From the dawn of history, the venomous label has been spat at many
women. Eve, Helen of Troy, Salome, Mary Magdalene, Medea, DuBarry, the mysterious woman of
Babylon--all fallen women, all guilty. Or were they?
In the late eighteenth century, a Lady flees to her dead husbands
château, accused of his murder. There she is haunted by highly charged dreams about
infamous women and their lovers, including Adam, Paris, John the Baptist, Jason, and
Cortés. Within her dreams, the Lady discovers that these women--all, like herself,
involved in catastrophic events--have been misunderstood and greatly maligned.
A chance encounter with the fabulous Madame Bernice, an unconventional
mystic who lives in a neighboring château, convinces the lady that her "dreams"
are in fact memories. The Lady's precise and vivid memories extend back even to the plains
of Heaven during the war of angels led by Lucifer and his sister, Cassandra, who plot to
thwart God's exile of Eve and Adam--and God is a main player here, boldly characterized.
In Eden we witness Eve and Adam's fumbling, finally joyous lovemaking.
In Herod's palace, we observe Salome's cunning dance of six--not seven--veils before a
saintly yet sensual John the Baptist. In Greece, we learn Paris's secret, the real reason
for the Trojan War. On the Isle of Patmos, we discover how the exiled John the Divine
converted a naive street girl into the "Whore of Babylon."
In exotic jungles, we encounter Cortés; his Aztec wife--branded La
Malinche--and her young Indian lover. We meet the Xtabay, so enticing that men lust
even after her ghost. Soon, we sweep into the maze of desire between Jason and Medea, the
truth of the final slaughter.
The Lady's memories as Magdalene follow Jesus and Judas from their first
meeting as playful young men on the banks of the river Jordan--moments that linked them
intimately forever--to the top of Calvary.
As the
Lady and Madame prepare to announce the truth of the Lady's past lives, grave dangers
threaten to ambush their disclosures. An erotic novel, entitled The True Account,
a work full of accusations and dire warnings, charges the Lady with graphic debaucheries.

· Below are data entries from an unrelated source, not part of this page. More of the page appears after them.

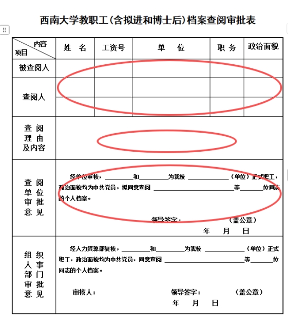 一、资料准备。各二级单位线下填写《西南大学教职工(含拟进和博士后)档案查阅审批表》(以下简称《审批表》),并提交所在单位负责领导签字并盖章。涉及多位“被查阅人”的,可以一并填写。
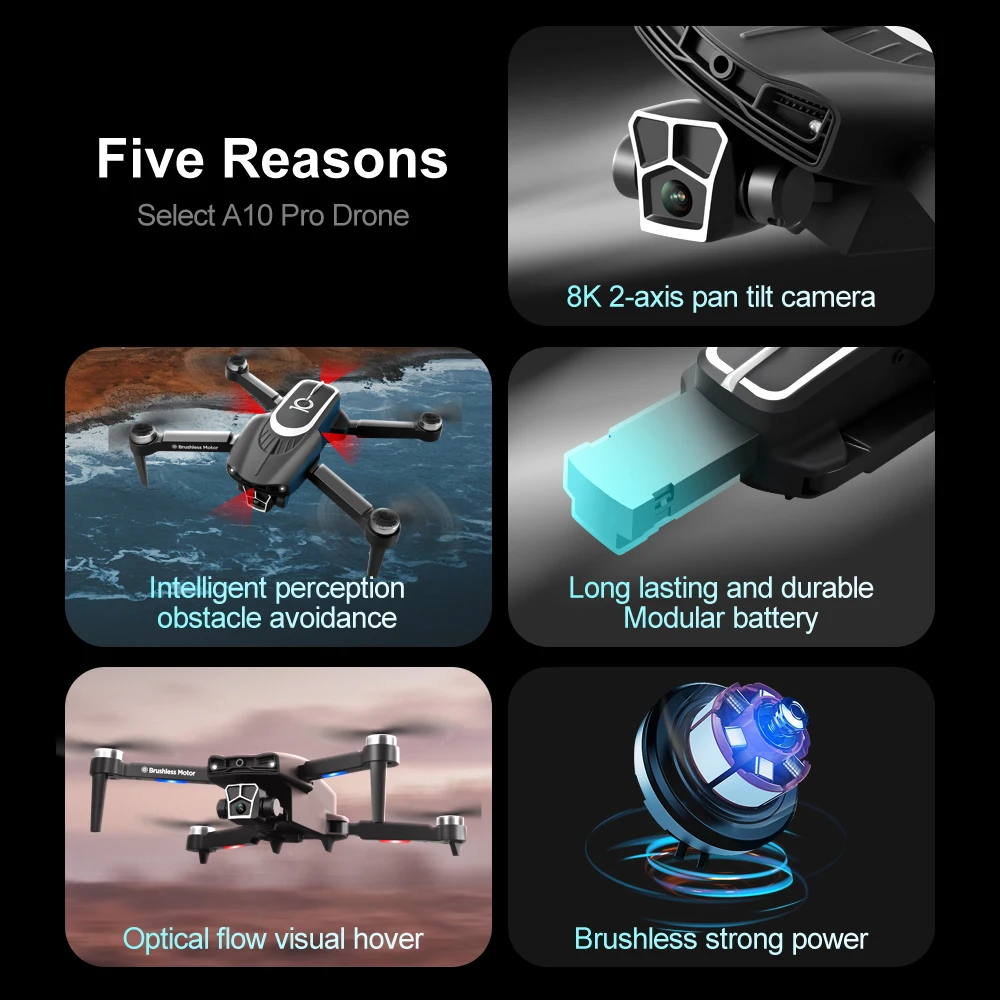 KBDFA A10 Pro Drone Profesional Dual HD Camera Aerial Photography FPV Helicopters Obstacle Avoidance Foldable RC Quadcopter Toy
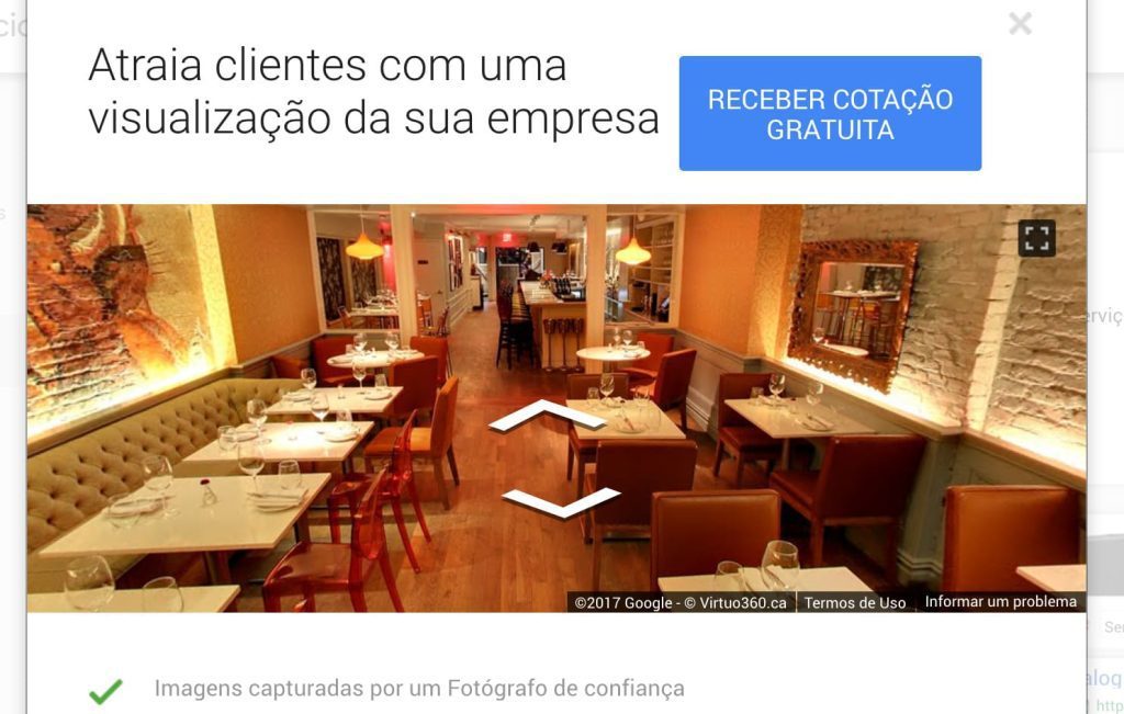A outra opção é contratar um fotógrafo para criar uma tour interno com Street View (o Google faz essa cotação pra você!). Isso vai mudar o link “Ver por fora “para “ver por dentro”. Isso vai aparecer no Google Maps e na busca do Google e é definitivamente uma ótima opção para mostrar a seus usuários o que eles podem esperar quando visitar o seu negócio.
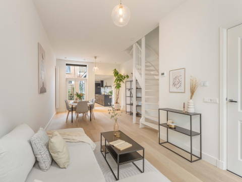 De keuken grenst ook aan de woonkamer en deze is in 2024 geheel vernieuwd en is voorzien van een prachtig inductiefornuis met ingebouwde afzuiging, combi-oven en een ingebouwde was-droogmachine.

It also contains buried clues that may identify the Lady's pursuers, figures who exist
within the corridors of greatest power. Just who are these figures? Are the murderers of
the Lady's husband--and the intended subverters of her greatest truths--among the
mightiest of all hierarchies? As the Lady and Madame Bernice ponder these questions, they
prepare themselves to face the public and vindicate all the fallen women through the
corrected versions of their lives.
Rich, provocative, daring, at times darkly
ironic,
written in a variety of prose styles,
Our Lady of Babylon is a thoroughly original novel, an epic
of ancient treachery, of myth and history reexamined.